There are also some videos of Haring working and some short films he did. And a little row of Polaroids of him with various celebrities. It’s not that often that artists are famous and appreciated in their own time, but he was. I can only imagine that pressure that created for him.

IMG_1186I then enter his final period, once he has been diagnosed with HIV. It is a period that is all too short, sadly. Having worked with an AIDS organization for many years, I find this section so compelling. It’s a transition in his work from messages about gays to the general public to one that is more inside. Messages to his own community. The colors are warmer and softer for the most part. There is one where the colors were so soft, I was unable to photograph it, but the messages were all about not putting your head in the sand. I sit down here for a while and reflect about what Haring might have done if he hadn’t died from AIDS. I feel profoundly sad that had he been diagnosed with HIV ten years later, he might still be with us. I wonder how he’d feel about the progress that has been made in the gay rights struggle in America over the last 10 years.

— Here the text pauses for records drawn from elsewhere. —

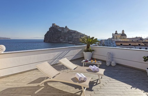 A brand-new, elegant and delightful apartment in typical Mediterranean style, housed in an ancient building in Ischia’s most beautiful historical village, directly overlooking the Aragonese Castle, symbol of Ischia, and the islands in the Bay of Naples.
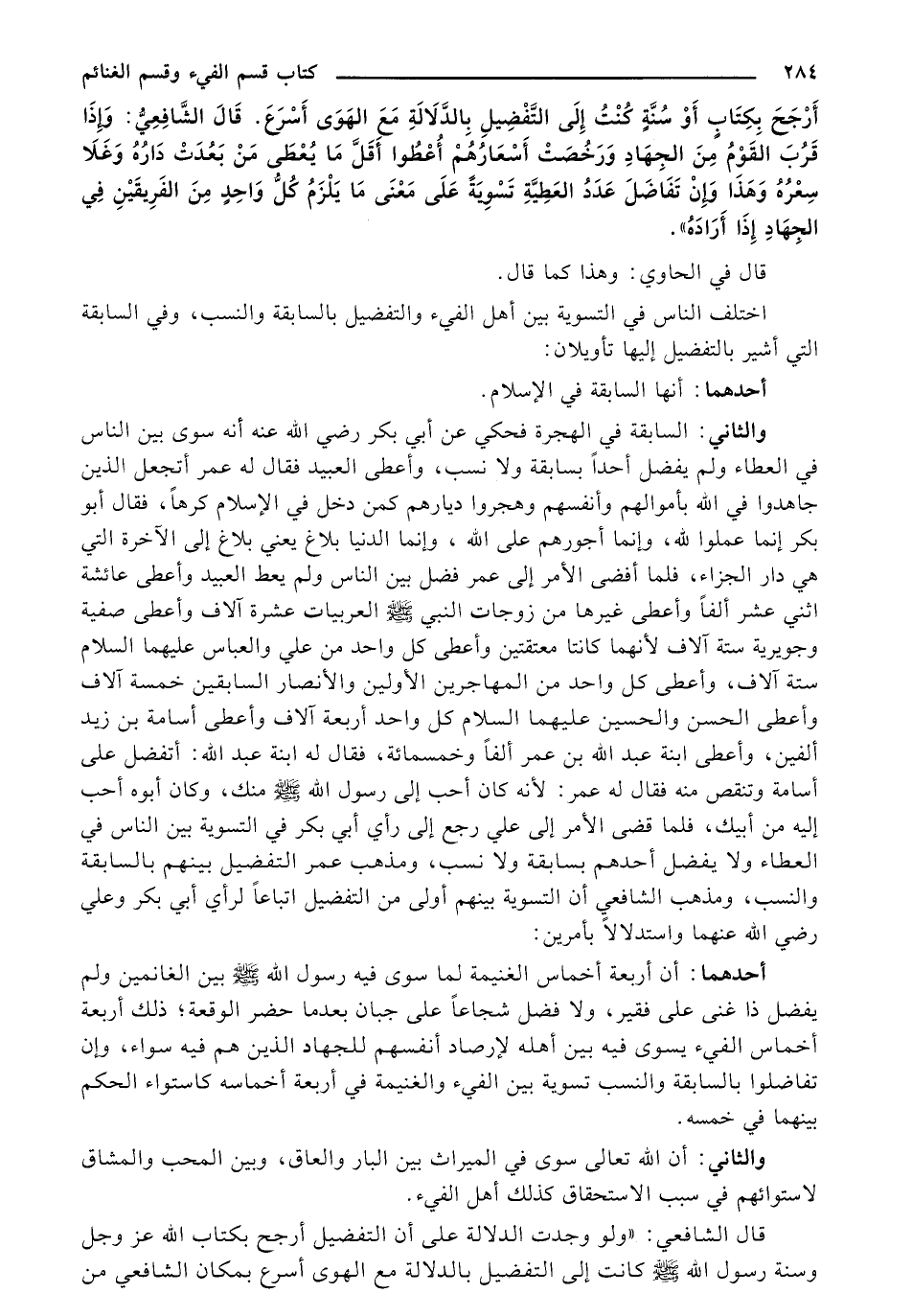 والثاني: السابقة في الهجرة فحكي عن أبي بكر رضي الله عنه أنه سوى بين الناس في العطاء ولم يفضل أحداً بسابقة ولا نسب، وأعطى العبيد فقال له عمر أتجعل الذين جاهدوا في الله بأموالهم وأنفسهم وهجروا ديارهم كمن دخل في الإسلام كرهاً، فقال أبو بكر إنما عملوا لله، وإنما أجورهم على الله، وإنما الدنيا بلاغ يعني بلاغ إلى الآخرة التي هي دار الجزاء، فلما أفضى الأمر إلى عمر فضل بين الناس ولم يعط العبيد وأعطى عائشة اثني عشر ألفاً وأعطى غيرها من زوجات النبي - صلى الله عليه وسلم - العربيات عشرة آلاف وأعطى صفية وجويرية ستة آلاف لأنهما كانتا معتقتين وأعطى كل واحد من علي والعباس عليهما السلام ستة آلاف، وأعطى كل واحد من المهاجرين الأولين والأنصار السابقين خمسة آلاف وأعطى الحسن والحسين عليهما السلام كل واحد أربعة آلاف وأعطى أسامة بن زيا ألفين، وأعطى ابنة عبد الله بن عمر ألفاً وخمسمائة، فقال له ابنة عبد الله: أتفضل على أسامة وتنقص منه فقال له عمر: لأنه كان أحب إلى رسول الله - صلى الله عليه وسلم - منك، وكان أبوه أحب إليه من أبيك، فلما قضى الأمر إلى علي رجع إلى رأي أبي بكر في التسوية بين الناس في العطاء ولا يفضل أحدهم بسابقة ولا نسب، ومذهب عمر التفضيل بينهم بالسابقة والنسب، ومذهب الشافعي أن التسوية بينهم أولى من التفضيل إتباعاً لرأي أبي بكر وعلي رضي الله عنهما واستدلالاً بأمرين: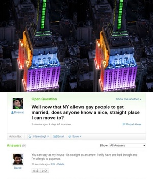 Straight Question: Yahoo Answer Admin at 1:34 pm June 26, 2011 via FacebookTwitterPinterestSponsored Link Related posts: Trading Places Pride On Parade George Takei Versus Traditional Marriage Fans Ask Gary Busey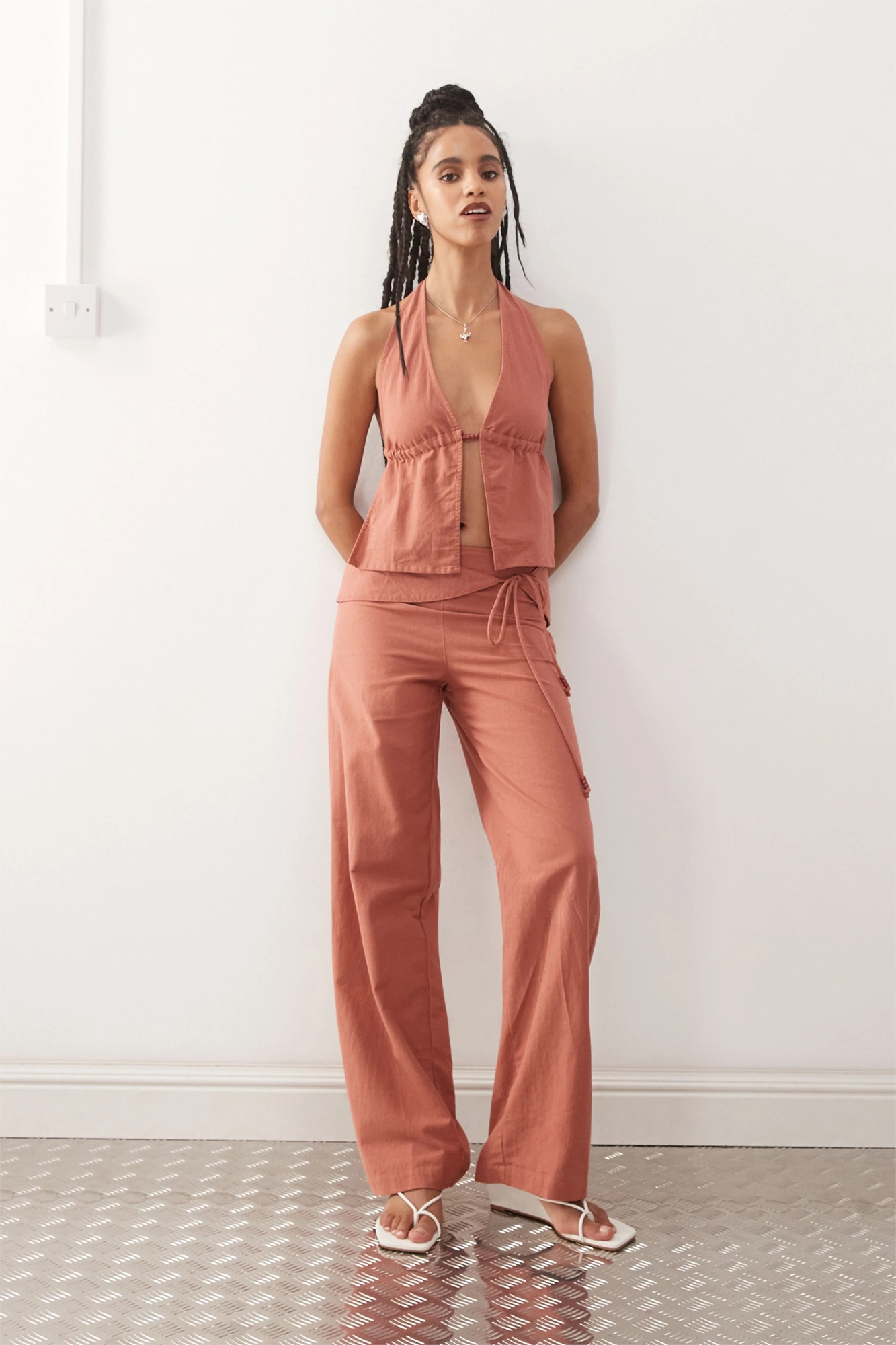 Брюки из льна с накидкой в стиле саронг и бисерной отделкой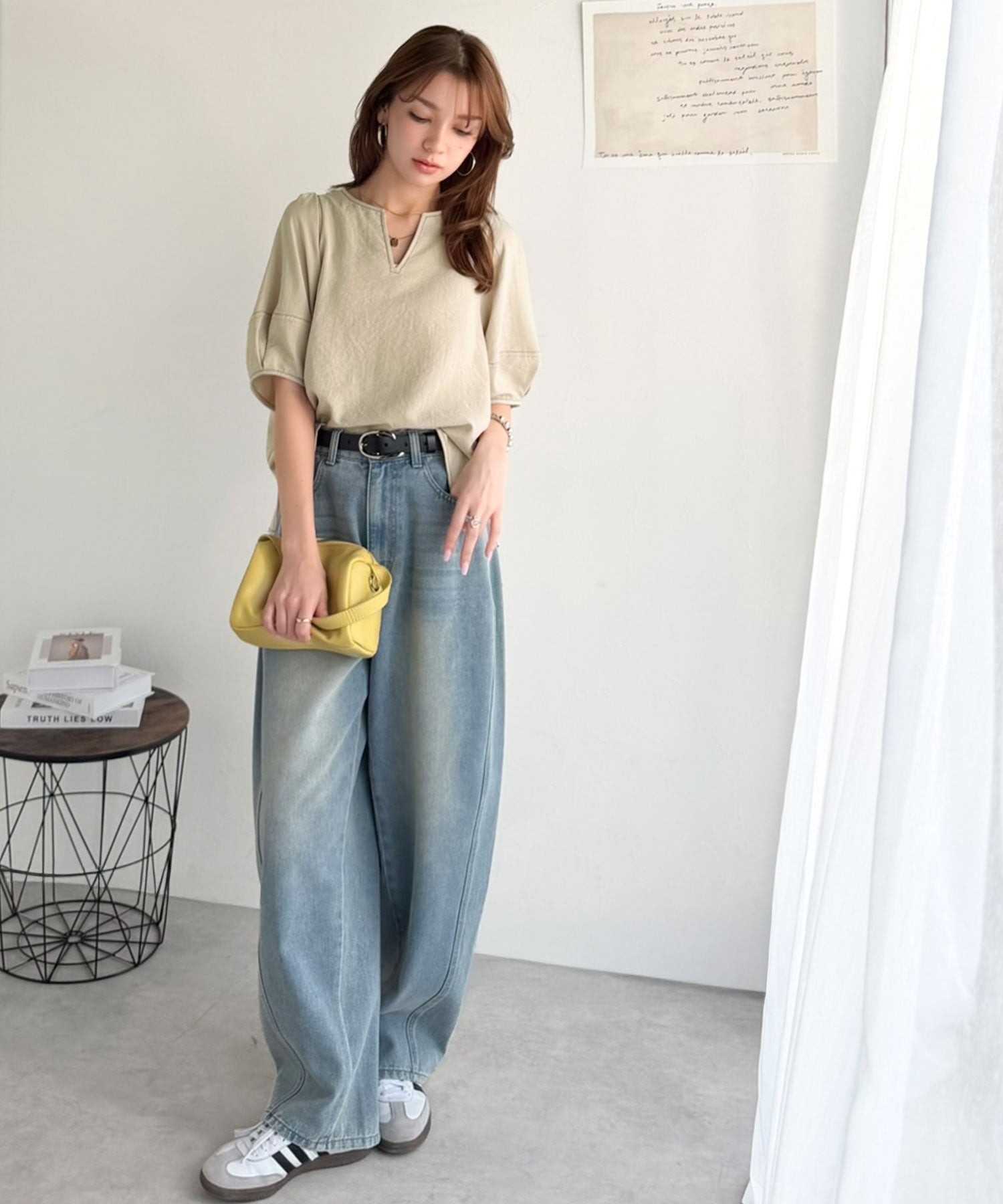 デニムやワイドパンツなどのカジュアルなアイテムと合わせれば甘すぎないスタイルに仕上がります。

It was a great show. Kudos to Paris for pulling together such a thorough and thoughtful exhibit. I thought it would be good, but it was so much more than I’d expected. In fact, I couldn’t go right back to the apartment afterward. I wandered into a neighborhood bar and had a good stiff drink, while I decompressed.

Now it is the morning after, and I feel like I have a Haring hangover. Leftover sadness. But also, still stardust in my eyes.